In mid-April the Seattle Times, as part of a downsizing of 200 staffers, bought out Melinda Bargreen, who has been on the staff for 31 years. Her position is considered expendable by the management and will not be filled. (Click here for her farewell article.) Around the same time, LA Weekly, a subsidiary of the troubled Village Voice Media, eliminated the position Alan Rich, 83, who has written a highly regarded column, “A Lot of Night Music,” for the past 16 years, terminating its regular classical music coverage. (Click here for his parting shots.) Just before that the Voice itself had laid off its film critic, Nathan Lee, as well as its dance critic of forty years, Deborah Jowitt. As Susan Elliot has reported in Musical America (May 13, 2008), The New York Times has been seeking to eliminate 100 employees from its newsroom of around 1330 through attrition and buy-outs, and in the course of this senior music critic Bernard Holland, Jennifer Dunning, dance critic, Diane Nottle, deputy editor for classical music and dance, Gwen Smith, assignments coordinator for dance and art, and Lawrence Van Gelder, senior editor, are going, leaving the paper with one full-time dance critic, two full-time music critics, as well as James R. Oestreich, editor of classical music and dance, and a couple of free-lancers. This is dire news indeed, since the New York Times has had such a preeminent reputation for its arts coverage, although it has perhaps been out-performed by the Wall Street Journal and other financial newspapers in recent years.

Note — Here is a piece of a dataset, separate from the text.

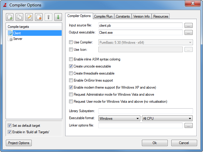The compiler options for projects allow the definition of multiple compile targets. Each target is basically a set of compiler options with a designated source file and output executable. The left side of the compiler options window is extended with the list of the defined compile targets. The toolbar on top of it allows to create, delete, copy, edit or move targets in the list.

Alan Rich, for example, has already taken up a position at Bloomberg. (He will also maintain his own site, So I’ve Heard.) One could say that along with an undeniable shrinkage in arts journalism (Columbia closed its national program in 1995.), there has been a shifting of the remaining resources away from the dailies to more specialized publications. While the Financial Times has maintained especially distinguished coverage of the arts for some years, other publications, like Bloomberg, Fortune, and Forbes have found glamour in it as a complement to restaurant reviews, articles on expensive travel, and art and antiques. New York Magazine after firing Peter G. Davis is left with no classical music content worth mentioning. Online media—blogs and magazines like the Berkshire Review for the Arts—now provide a wealth or reviews, commentaries, and resources, unrestricted by the necessarily secondary position of the arts in daily newspapers. The appointment of a music director like Alan Gilbert or the Met’s Tristan agonies must yield to former governor Spitzer’s exciting lifestyle or the latest progress in the Middle East, although Riccardo Muti, in his recent appointment as music director of the Chicago Symphony did not fare too badly. As the Internet further undercuts the viability of the print media, arts coverage of all kinds and qualities flourishes. Most revealing of all is the way in which Alex Ross, music critic of the New Yorker—a position as solid as any in journalism—supports both his magazine reviews and his recent, very well received book, The Rest is Noise, with a blog of the same title.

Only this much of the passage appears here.